**Data records:**
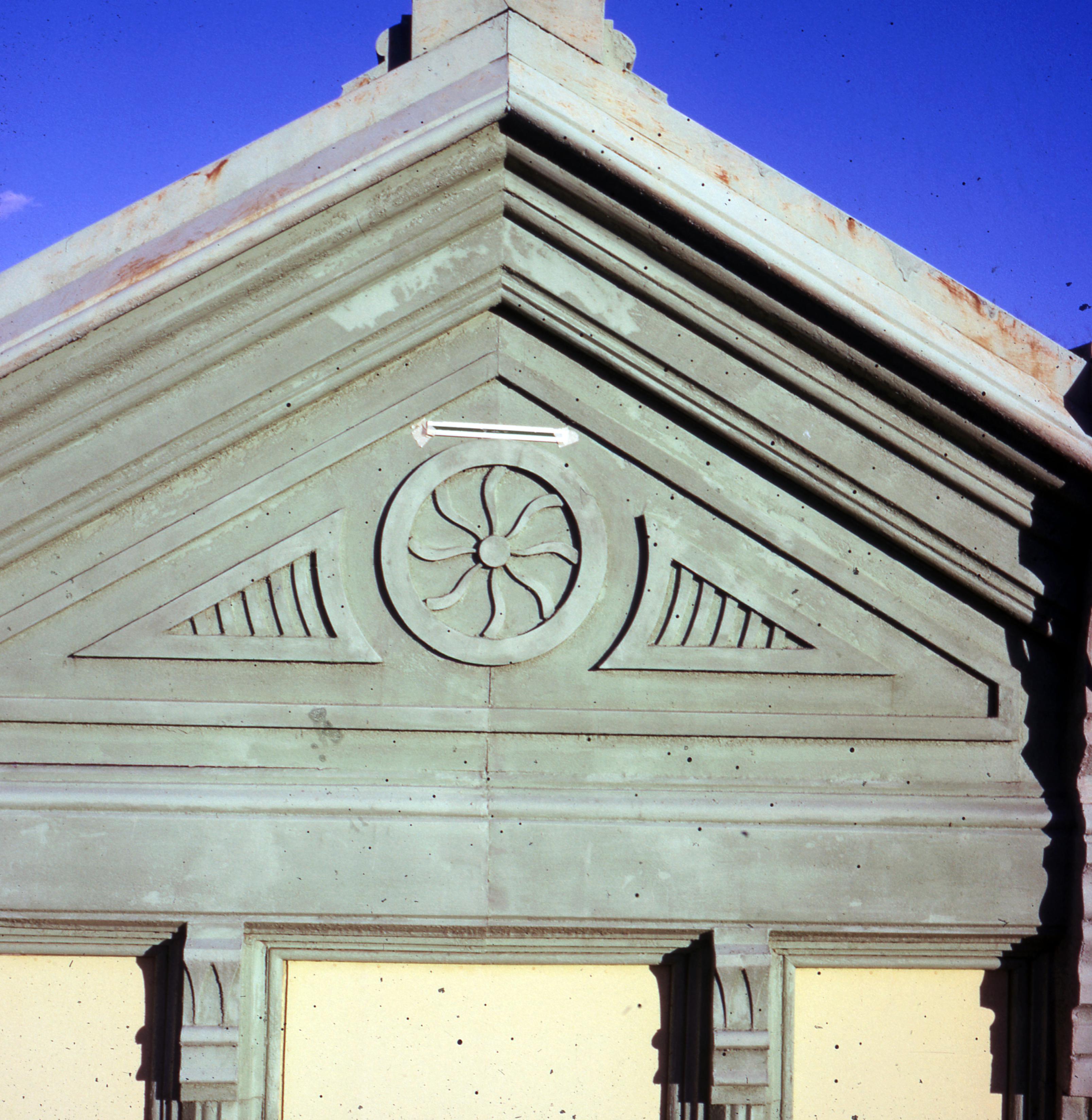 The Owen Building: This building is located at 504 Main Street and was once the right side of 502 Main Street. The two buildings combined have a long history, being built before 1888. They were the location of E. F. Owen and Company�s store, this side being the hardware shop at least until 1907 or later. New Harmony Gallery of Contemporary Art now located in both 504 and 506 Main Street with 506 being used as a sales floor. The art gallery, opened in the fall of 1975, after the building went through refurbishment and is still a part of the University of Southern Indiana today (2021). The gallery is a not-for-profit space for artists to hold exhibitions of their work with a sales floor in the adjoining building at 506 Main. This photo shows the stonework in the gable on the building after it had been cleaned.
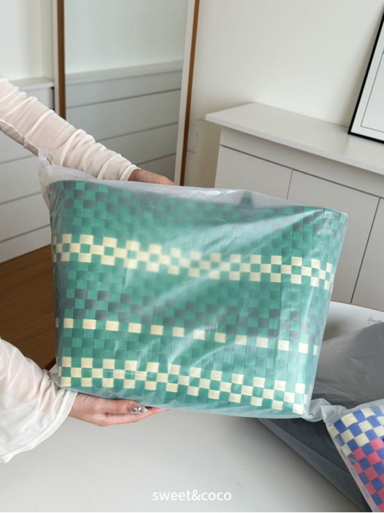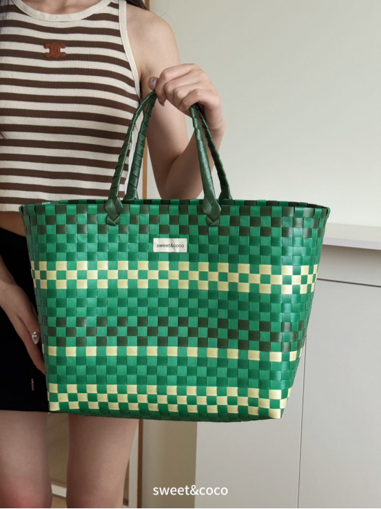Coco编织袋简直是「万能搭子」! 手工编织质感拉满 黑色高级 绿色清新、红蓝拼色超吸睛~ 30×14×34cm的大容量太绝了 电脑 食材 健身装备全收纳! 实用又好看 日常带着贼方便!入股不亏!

...

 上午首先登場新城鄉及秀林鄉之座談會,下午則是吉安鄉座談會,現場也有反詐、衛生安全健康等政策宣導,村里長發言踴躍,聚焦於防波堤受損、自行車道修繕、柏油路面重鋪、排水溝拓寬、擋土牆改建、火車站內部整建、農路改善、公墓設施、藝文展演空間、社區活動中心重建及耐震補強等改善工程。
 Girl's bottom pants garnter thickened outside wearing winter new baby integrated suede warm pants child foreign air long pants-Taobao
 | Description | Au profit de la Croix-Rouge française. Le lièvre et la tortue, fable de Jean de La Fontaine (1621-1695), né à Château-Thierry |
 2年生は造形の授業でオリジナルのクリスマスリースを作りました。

**Exercise aim:** Nothing but the lines above from the one containing "Girl's bottom pants" through the one containing "2年生は造形の授業でオリジナルのクリスマスリースを作りました。" should appear in the answer, each repeated exactly.

**Task result:**
 Girl's bottom pants garnter thickened outside wearing winter new baby integrated suede warm pants child foreign air long pants-Taobao
 | Description | Au profit de la Croix-Rouge française. Le lièvre et la tortue, fable de Jean de La Fontaine (1621-1695), né à Château-Thierry |
 2年生は造形の授業でオリジナルのクリスマスリースを作りました。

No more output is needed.